Exceto pelas viagens para divulgar sua luta pelo mundo, por mais de quatro décadas Norita nunca faltou às marchas das quintas-feiras ao redor da Pirâmide da Praça de Maio.

"Cada coisa que [nós,] as Mães [da Praça de Maio] fazemos é coletiva. Começamos indo à praça uma a uma, mas depois isto se transformou em um movimento coletivo. Vamos todas as quintas-feiras à praça, não faltamos", explicava.
Isso não impediu que em 1986, já na democracia, ela fosse uma das impulsionadoras da divisão da organização humanitária e se transformasse em uma das faces visíveis do Mães da Praça de Maio-Linha Fundadora, que enfrentou duramente o setor mais radicalizado, liderado por Hebe de Bonafini, falecida em 2022.

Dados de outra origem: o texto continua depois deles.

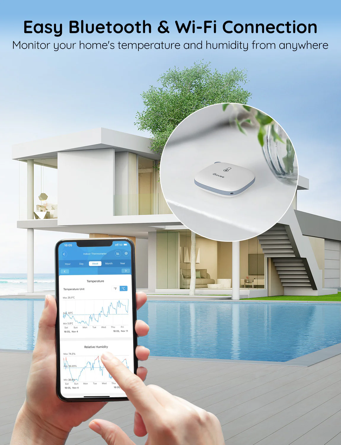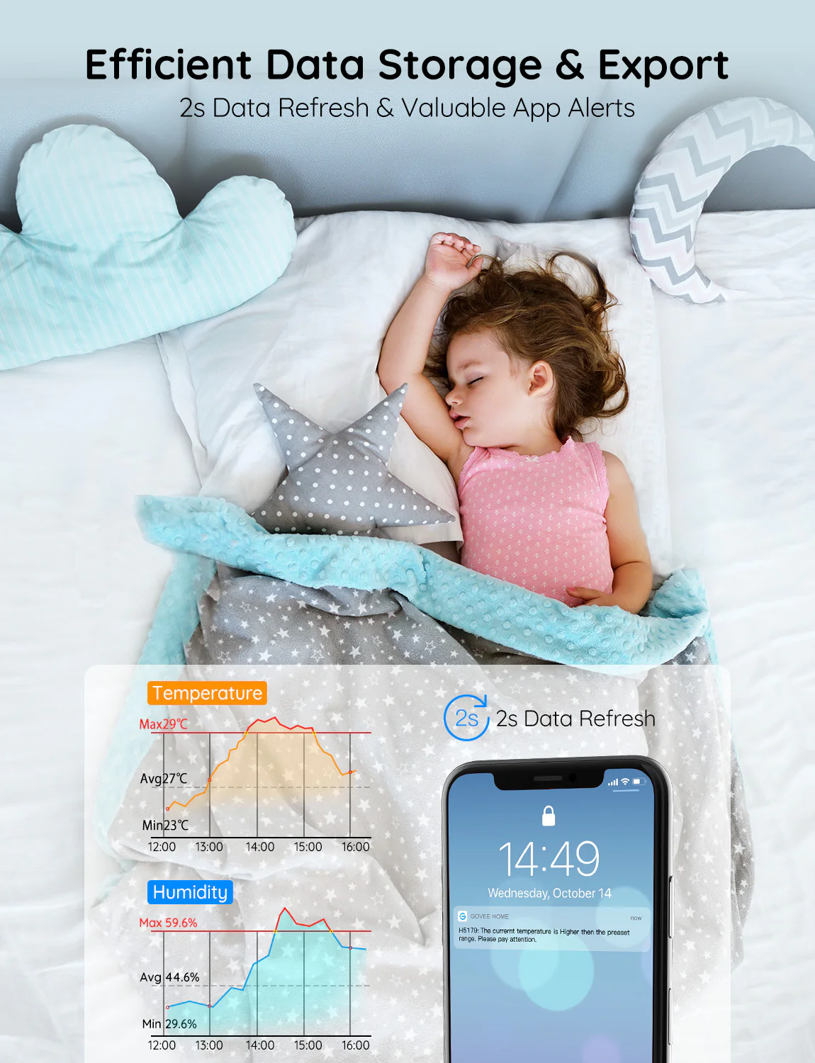 - Αισθητήρας υψηλής ακρίβειας: Η ακρίβεια θερμοκρασίας είναι ±0,3℃ και η ακρίβεια υγρασίας είναι ±3%RH. Με ανανέωση κάθε 2 δευτερόλεπτα, θα παραμένετε πάντα ενημερωμένοι.

Também foi uma opositora ferrenha do governo do atual presidente, Javier Milei, que questionou o número de desaparecidos e relativizou o terrorismo de Estado cometido pela ditadura.

"A muitos políticos, à Igreja, aos militares, ao campo dos que têm história vivida de cumplicidades, não agrada nossa reivindicação", resumia esta mulher, crítica de todos os governos.

Em 2018, quando eclodiu na Argentina a luta feminista com a reivindicação pela legalização do aborto e contra a violência de gênero, Norita se somou a esta reivindicação e passou a adicionar o lenço verde, símbolo do movimento, a seu vestuário.

Mas sempre voltava ao seu filho desaparecido: "Vocês nos veem sorrir, vamos a mobilizações com a alegria da luta, mas sentimos falta dos nossos filhos todos os dias".